TASK DESCRIPTION:
Please write out all the data that follows exactly, without the pictures.

SOURCE RECORDS:

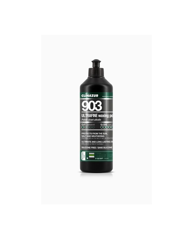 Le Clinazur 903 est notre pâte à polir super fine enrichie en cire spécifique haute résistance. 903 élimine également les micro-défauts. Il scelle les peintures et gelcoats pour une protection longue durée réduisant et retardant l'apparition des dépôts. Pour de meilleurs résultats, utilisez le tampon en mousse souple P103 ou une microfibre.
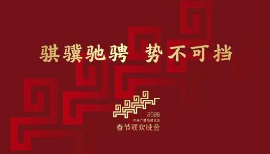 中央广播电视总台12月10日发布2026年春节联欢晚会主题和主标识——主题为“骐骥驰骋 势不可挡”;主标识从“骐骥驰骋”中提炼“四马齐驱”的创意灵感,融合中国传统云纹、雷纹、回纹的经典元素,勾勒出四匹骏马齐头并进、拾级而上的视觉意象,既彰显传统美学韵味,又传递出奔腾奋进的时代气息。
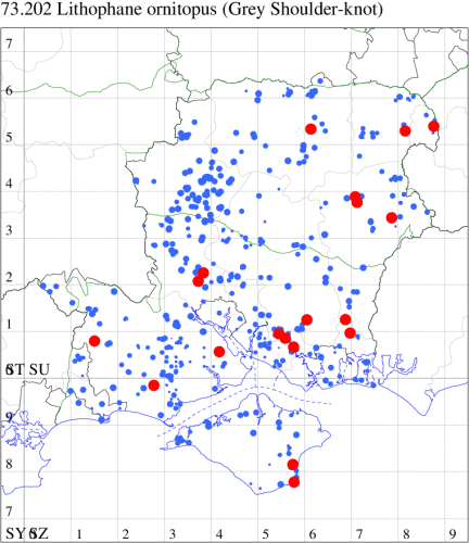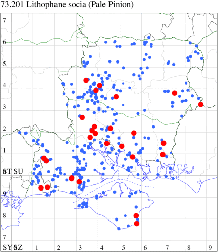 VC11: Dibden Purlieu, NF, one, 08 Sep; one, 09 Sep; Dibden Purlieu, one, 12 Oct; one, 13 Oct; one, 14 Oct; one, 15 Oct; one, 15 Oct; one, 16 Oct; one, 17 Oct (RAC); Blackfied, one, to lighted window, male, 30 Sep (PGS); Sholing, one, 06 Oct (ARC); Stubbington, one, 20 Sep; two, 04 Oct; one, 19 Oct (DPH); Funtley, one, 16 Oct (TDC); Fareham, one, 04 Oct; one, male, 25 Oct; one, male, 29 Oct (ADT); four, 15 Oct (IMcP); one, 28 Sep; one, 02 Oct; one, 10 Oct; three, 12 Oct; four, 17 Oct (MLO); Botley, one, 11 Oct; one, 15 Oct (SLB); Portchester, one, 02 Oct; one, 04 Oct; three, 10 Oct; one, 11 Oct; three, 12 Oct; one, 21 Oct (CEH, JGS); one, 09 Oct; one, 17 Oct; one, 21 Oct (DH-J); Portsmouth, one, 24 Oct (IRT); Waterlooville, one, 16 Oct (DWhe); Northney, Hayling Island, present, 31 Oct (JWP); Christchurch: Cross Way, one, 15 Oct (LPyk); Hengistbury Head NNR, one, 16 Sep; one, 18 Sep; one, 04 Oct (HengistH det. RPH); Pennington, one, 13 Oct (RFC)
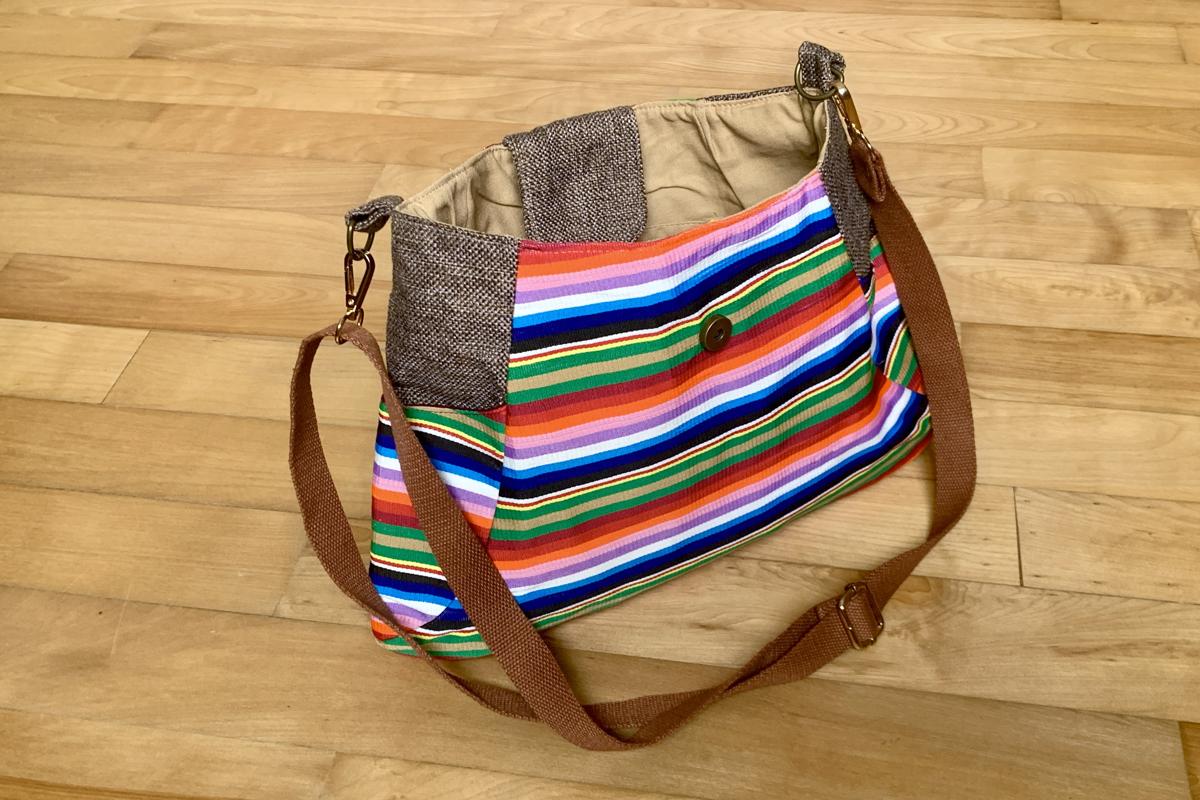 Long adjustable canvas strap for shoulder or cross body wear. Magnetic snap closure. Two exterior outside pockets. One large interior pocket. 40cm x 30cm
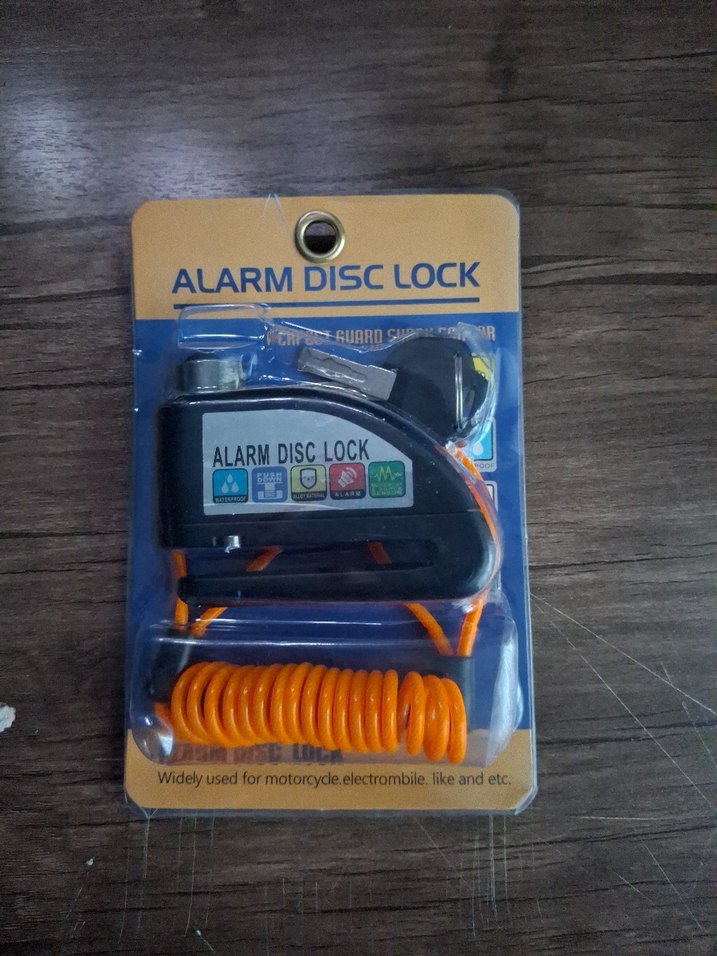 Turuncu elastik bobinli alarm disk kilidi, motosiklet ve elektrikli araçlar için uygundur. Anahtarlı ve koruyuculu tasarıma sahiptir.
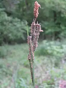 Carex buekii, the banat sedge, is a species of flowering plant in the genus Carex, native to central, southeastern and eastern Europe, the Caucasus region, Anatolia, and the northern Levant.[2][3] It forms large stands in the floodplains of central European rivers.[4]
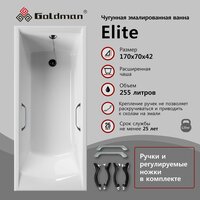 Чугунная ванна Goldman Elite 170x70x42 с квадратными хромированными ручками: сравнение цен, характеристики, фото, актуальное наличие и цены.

ANSWER BOX:
 Le Clinazur 903 est notre pâte à polir super fine enrichie en cire spécifique haute résistance. 903 élimine également les micro-défauts. Il scelle les peintures et gelcoats pour une protection longue durée réduisant et retardant l'apparition des dépôts. Pour de meilleurs résultats, utilisez le tampon en mousse souple P103 ou une microfibre.
 中央广播电视总台12月10日发布2026年春节联欢晚会主题和主标识——主题为“骐骥驰骋 势不可挡”;主标识从“骐骥驰骋”中提炼“四马齐驱”的创意灵感,融合中国传统云纹、雷纹、回纹的经典元素,勾勒出四匹骏马齐头并进、拾级而上的视觉意象,既彰显传统美学韵味,又传递出奔腾奋进的时代气息。
 VC11: Dibden Purlieu, NF, one, 08 Sep; one, 09 Sep; Dibden Purlieu, one, 12 Oct; one, 13 Oct; one, 14 Oct; one, 15 Oct; one, 15 Oct; one, 16 Oct; one, 17 Oct (RAC); Blackfied, one, to lighted window, male, 30 Sep (PGS); Sholing, one, 06 Oct (ARC); Stubbington, one, 20 Sep; two, 04 Oct; one, 19 Oct (DPH); Funtley, one, 16 Oct (TDC); Fareham, one, 04 Oct; one, male, 25 Oct; one, male, 29 Oct (ADT); four, 15 Oct (IMcP); one, 28 Sep; one, 02 Oct; one, 10 Oct; three, 12 Oct; four, 17 Oct (MLO); Botley, one, 11 Oct; one, 15 Oct (SLB); Portchester, one, 02 Oct; one, 04 Oct; three, 10 Oct; one, 11 Oct; three, 12 Oct; one, 21 Oct (CEH, JGS); one, 09 Oct; one, 17 Oct; one, 21 Oct (DH-J); Portsmouth, one, 24 Oct (IRT); Waterlooville, one, 16 Oct (DWhe); Northney, Hayling Island, present, 31 Oct (JWP); Christchurch: Cross Way, one, 15 Oct (LPyk); Hengistbury Head NNR, one, 16 Sep; one, 18 Sep; one, 04 Oct (HengistH det. RPH); Pennington, one, 13 Oct (RFC)
 Long adjustable canvas strap for shoulder or cross body wear. Magnetic snap closure. Two exterior outside pockets. One large interior pocket. 40cm x 30cm
 Turuncu elastik bobinli alarm disk kilidi, motosiklet ve elektrikli araçlar için uygundur. Anahtarlı ve koruyuculu tasarıma sahiptir.
 Carex buekii, the banat sedge, is a species of flowering plant in the genus Carex, native to central, southeastern and eastern Europe, the Caucasus region, Anatolia, and the northern Levant.[2][3] It forms large stands in the floodplains of central European rivers.[4]
 Чугунная ванна Goldman Elite 170x70x42 с квадратными хромированными ручками: сравнение цен, характеристики, фото, актуальное наличие и цены.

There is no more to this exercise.